Challenges are Growing for China's Web Censors

The Internet search engines of China's most popular Web portals were shut down earlier this week, triggering protests from free speech proponents inside and outside China. The shutdowns were part of what critics say is the Communist leadership's intensified censorship of the Internet.

The search engines of the two World Wide Web portals, Sina.com and Sohu.com, were shut down Monday, but appeared to be running again on Wednesday, following a wave of protests by free-speech advocates.

China routinely blocks Internet sites that refer to banned topics such as democracy, the Falun Gong spiritual group, Taiwan independence, and the Dalai Lama. VOA's website is permanently blocked in China.

Jiao Guobiao is a former journalism professor at Peking University who was suspended last year for criticizing China's propaganda authorities.

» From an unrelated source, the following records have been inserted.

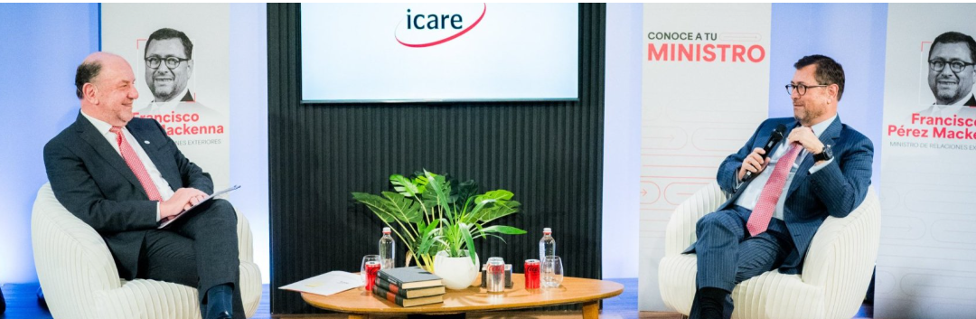 En el marco del ciclo de conferencias “Conoce a tu Ministro”, promovido por Icare, el Presidente del Consejo Chileno y excanciller, Alfredo Moreno Charme, condujo este miércoles 25 de marzo una extensa entrevista con el actual Ministro de Relaciones Exteriores, don Francisco Pérez Mackenna.
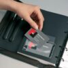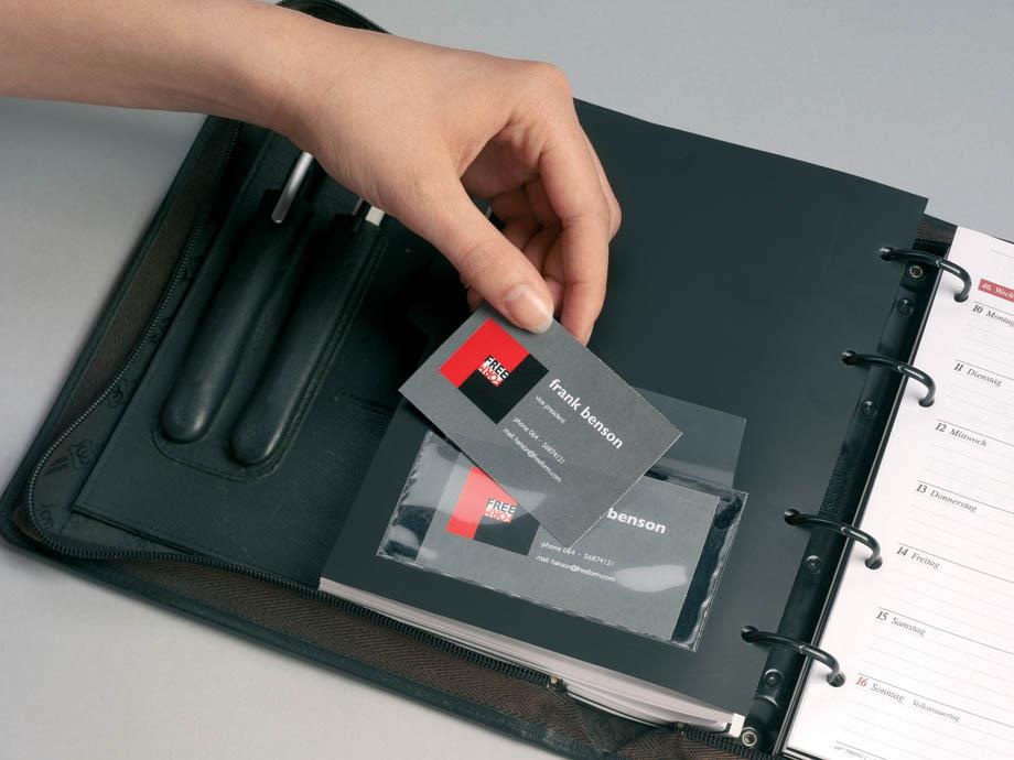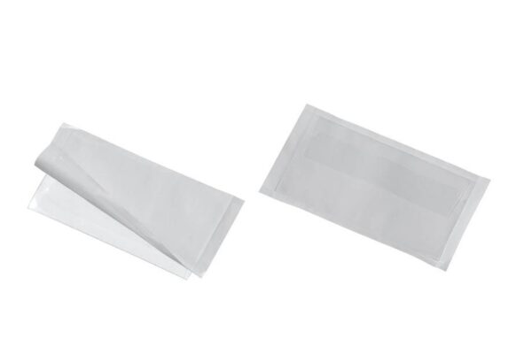 Samolepilni žepek iz PVC z zavihkom za zapiranje za shranjevanje in označevanje dokumentov, odprt na daljšem delu.
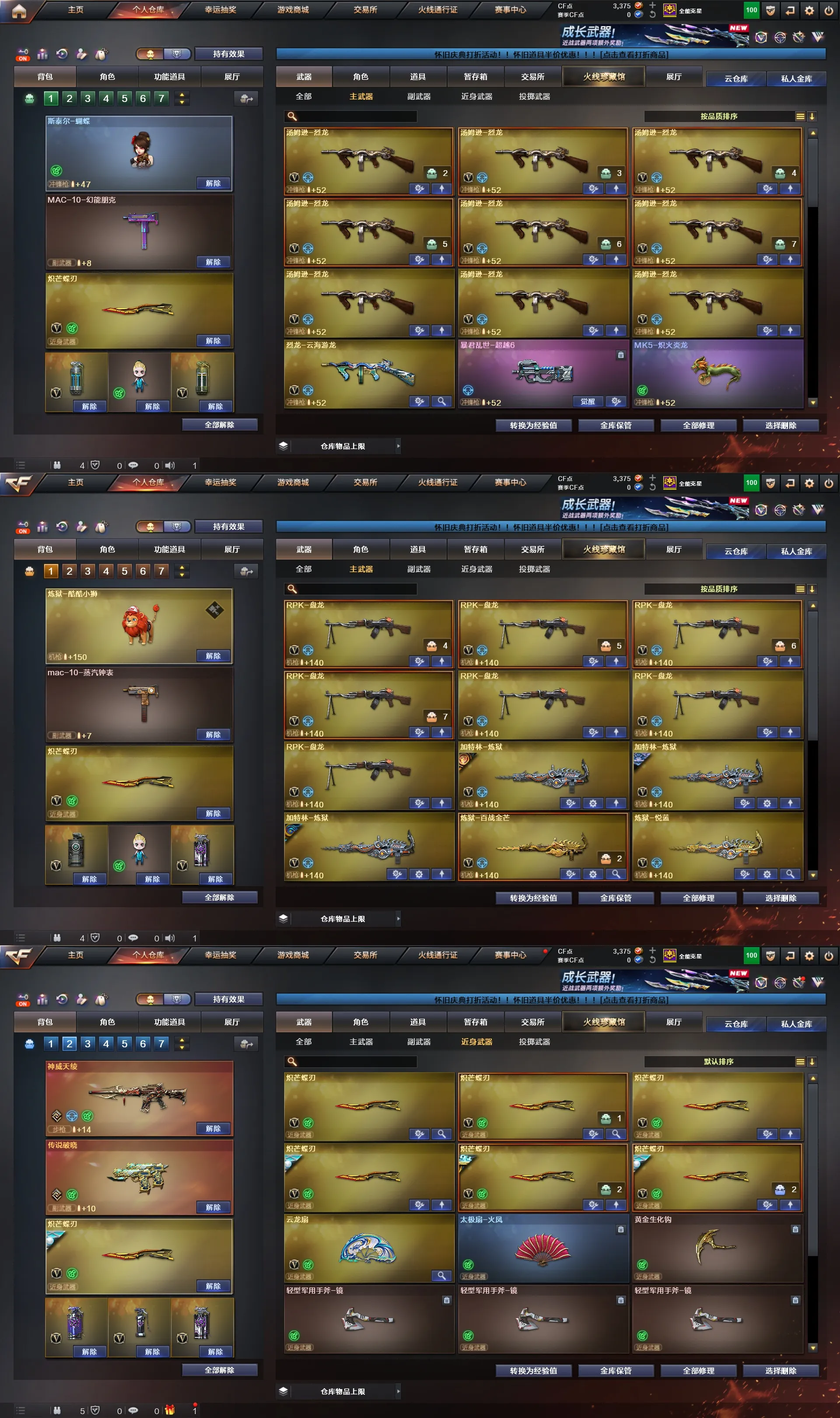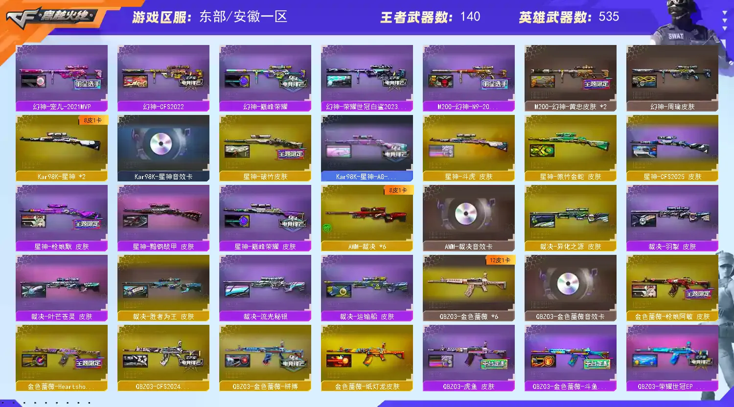 英雄级武器:幻神三件套(24皮肤+音效卡)、星神三件套(6皮肤+音效卡)、裁决三件套(7皮肤+音效卡)、毁灭三件套(17皮肤+音效卡)、白虎三件套(11皮肤+音效卡)、QBZ三件套(10皮肤+音效卡)、G36C幻影三件套、雷神三件套(22皮肤+音效卡)、火麒麟三件套(15皮肤+音效卡)、极光三件套、M14EBR-玄武三件套、QBZ03-天罚三件套、HK417-朱雀三件套、加利尔ACE-天袭、FAMAS-G2天戎、QBZ191-银翼、SCAR Light-玄豹、7盘9烈5炼狱、斯太尔-蝴蝶、炼狱-迷你小钢、炼狱-酷酷小狮

He tells VOA the blocking of Sina and Sohu reflects the government's concern that the Internet is giving Chinese people more freedom to express discontent.

Jiao says the tighter restrictions suggest the government is facing a tough challenge in maintaining control of what appears on line.

"They think they can still use the methods of managing newspapers and magazines, managing the old media, to manage the Internet," Jiao says. "So, in the last couple years - because of controls on the Internet - there have been more and more prohibitions, more and more detailed (controls). If it can be controlled, they have looked for a way to control it."

The Chinese foreign ministry on Tuesday declined to comment on reports that the two portals had been shut down. A ministry spokeswoman defended China's practice of managing the Internet, saying only that it is a legal and rational policy.

The Chinese government employs tens of thousands of people to monitor Web activity, and a number of Web users have been jailed because of e-mails or postings that authorities found objectionable.

The Communist censors have received help from outside. The U.S. Internet firm Yahoo has come under international criticism for aiding the crackdown by handing over information that led to the jailing of Internet users. The U.S. search engine, Google, has voluntarily blocked access to topics the Chinese authorities deem dangerous.

The government's control over cyberspace is being tested this week by New York Times columnist Nicholas Kristof. He has created new blogs discussing sensitive topics such as the 1989 Tiananmen Square massacre, the imprisonment of a New York Times researcher in Beijing, and he has posted a message challenging President Hu Jintao to disclose details of his personal wealth.

At least one of the blogs appeared to be blocked in China on Wednesday. However, Kristof writes that - to his astonishment - most of the material has slipped past the censors.

With technology improving and the number of Chinese Internet users surpassing 120 million last year, analysts say Kristoff's experiment is a small indication of how difficult it is becoming for China's government to keep control of the Internet.